Neuroprotective Effects of OMO within the Hippocampus and Cortex in a D-Galactose and Aβ25–35-Induced Rat Model of Alzheimer’s Disease

Abstract EN

Morinda officinalis F.C.

How.

(Rubiaceae) is a herbal medicine.

It has been recorded that its oligosaccharides have neuroprotective properties.

In order to understand the oligosaccharides extracted from Morinda officinalis (OMO), a systematic study was conducted to provide evidence that supports its use in neuroprotective therapies for Alzheimer’s disease (AD).

AD rat models were prepared with D-galactose and Aβ25–35.

The following groups were used in the present experiment: normal control group, sham-operated group, model group, Aricept group, OMO low-dose group, OMO medium-dose group, and OMO high-dose group.

The effects on behavioral tests, antioxidant levels, energy metabolism, neurotransmitter levels, and AD-related proteins were detected with corresponding methodologies.
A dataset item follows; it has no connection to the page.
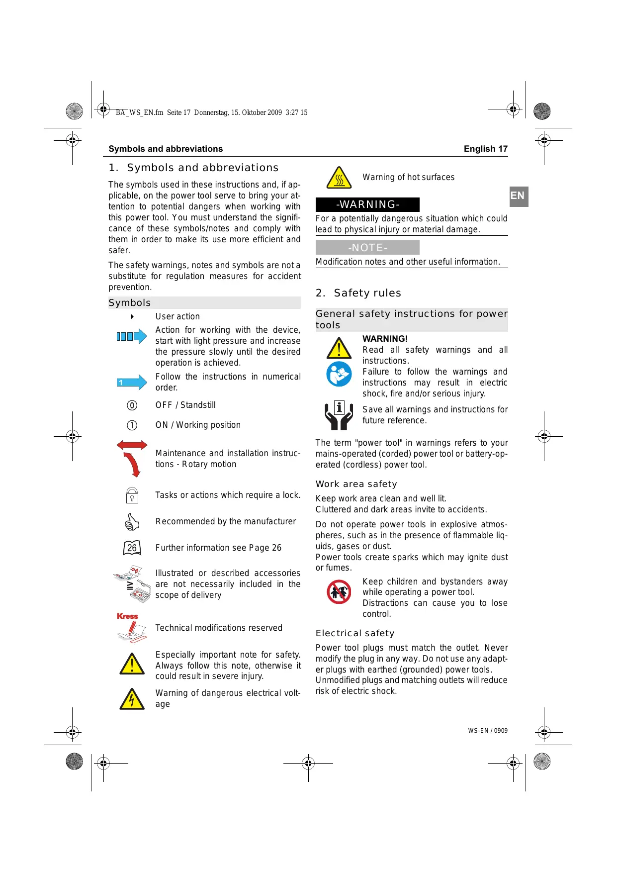 General safety instructions for power tools WARNING! Read all safety warnings and all instructions. Failure to follow the warnings and instructions may result in electric shock, fire and/or serious injury. Save all warnings and instructions for future reference. The term "power tool" in warnings refers to your mains-operated (corded) power tool or battery-operated (cordless) power tool. Work area safety Tasks or actions which require a lock. Keep work area clean and well lit. Cluttered and dark areas invite to accidents. Recommended by the manufacturer Do not operate power tools in explosive atmospheres, such as in the presence of flammable liquids, gases or dust. Power tools create sparks which may ignite dust or fumes. Further information see Page 26 Illustrated or described accessories are not necessarily included in the scope of delivery Keep children and bystanders away while operating a power tool. Distractions can cause you to lose control. Technical modifications reserved Electrical safety Especially important note for safety. Always follow this note, otherwise it could result in severe injury. Power tool plugs must match the outlet. Never modify the plug in any way. Do not use any adapter plugs with earthed (grounded) power tools. Unmodified plugs and matching outlets will reduce risk of electric shock. Warning of dangerous electrical voltage WS-EN / 0909 Avoid body contact with grounded surfaces such as pipes, radiators, ranges and refrigerators. There is an increased risk of electric shock if your EN body is grounded. Remove any adjusting key or wrench before turning the power tool on. A wrench or a key left attached to a rotating part of the power tool may result in personal injury. Do not expose power tools to rain or wet conditions. Water entering a power tool will increase the risk of electric shock. Do not overreach. Keep proper footing and balance at all times. This enables better control of the power tool in unexpected situations. Do not abuse the cord. Never use the cord for carrying, pulling or unplugging the power tool. Keep cord away from heat, oil, sharp edges or moving parts. Damaged or entangled cords increase the risk of electric shock. Dress properly. Do not wear loose clothing or jewellery. Keep your hair, clothing and gloves away from moving parts. Loose clothes, jewellery or long hair can be caught in moving parts. When operating a power tool outdoors, use an extension cord suitable for outdoor use. Use of a cord suitable for outdoor use reduces the risk of electric shock. If operating a power tool in a damp location is unavoidable, use a residual current device (RCD) protected supply. Use of an RCD reduces the risk of electric shock. Personal safety Stay alert, watch what you are doing and use common sense when operating a power tool. Do not use a power tool while you are tired or under the influence of drugs, alcohol or medication. A moment of inattention while operating power tools may result in serious personal injury. Use safety equipment. Always wear eye protection. Safety equipment such as dust mask, non-skid safety shoes, hard hat, or hearing protection used for appropriate conditions will reduce personal injuries. Prevent unintentional starting. Ensure the switch is in the off-position before connecting to power source and/or battery pack, picking up or carrying the tool. Carrying power tools with your finger on the switch or energising power tools that have the switch on invites accidents. WS-EN / 0909 If devices are provided for connecting dust extraction and collection facilities, ensure these are connected and properly used. Use of these devices can reduce dust related hazards. Power tool use and care Do not force the power tool. Use the correct power tool for your application. The correct power tool will do the job better and safer at the rate for which it was designed. Do not use the power tool if the switch does not turn on and off. Any power tool that cannot be controlled with the switch is dangerous and must be repaired. Disconnect the plug from the power source and/or the battery pack from the power tool before making any adjustments, changing accessories, or storing power tools. Such preventive safety measures reduce the risk of starting the power tool accidentally. Store idle power tools out of the reach of children and do not allow persons unfamiliar with the power tool or these instructions to operate the power tool. Power tools are dangerous in the hands of untrained users. Maintain power tools. Check for misalignment or binding of moving parts, breakage of parts and any other condition that may affect the power tools operation. If damaged, have the power tool repaired before use. Many accidents are caused by poorly maintained power tools. Safety rules Keep cutting tools sharp and clean. Properly maintained cutting tools with sharp cutting edges are less likely to bind and are easier to control. Use the power tool, accessories and tool bits etc. in accordance with these instructions and in the manner intended for the particular type of power tool, taking into account the working conditions and the work to be performed. Use of the power tool for operations different from those intended could result in a hazardous situation. English 19 The outside diameter and the thickness of your accessory must be within the capacity rating of your power tool. Incorrectly sized accessories cannot be ade- EN quately guarded or controlled. The arbour size of wheels, flanges, backing pads or any other accessory must properly fit the spindle of the power tool. Accessories with arbour holes that do not match the mounting hardware of the power tool will run out of balance, vibrate excessively and may cause loss of control. Service Have your power tool serviced by a qualified repair person using only original spare parts. This will ensure that the safety of the power tool is maintained. Machine-specific Safety Warnings Safety instructions for grinding, sandi
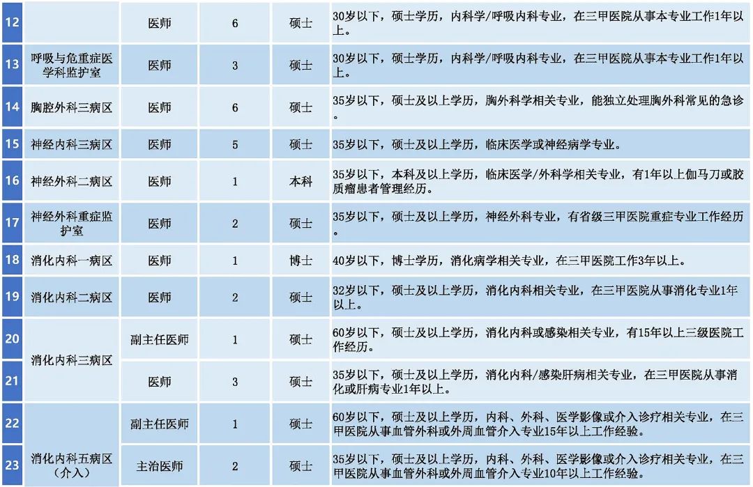 應(yīng)聘者要有相應(yīng)的執(zhí)業(yè)證書(shū)和資格證書(shū);應(yīng)聘醫(yī)師崗位者要完成國(guó)家住院醫(yī)師規(guī)范化培訓(xùn)。

AD rats administered with different doses of OMO all exhibited a significant (P<0.05) decrease in latency and an increase (P<0.05) in the ratio of swimming distance to total distance in a dose-dependent manner in the Morris water maze.

There was a significant (P<0.05) increase in antioxidant enzyme activities (SOD, GSH-Px, and CAT), neurotransmitter levels (acetylcholine, γ-GABA, and NE and DA), energy metabolism (Na+/K+-ATPase), and relative synaptophysin (SYP) expression levels in AD rats administered with OMO.

Furthermore, there was a significant (P<0.05) decrease in MDA levels and relative expression levels of APP, tau, and caspase-3 in AD rats with OMO.

The present research suggests that OMO protects against D-galactose and Aβ25–35-induced neurodegeneration, which may provide a novel strategy for improving AD in clinic.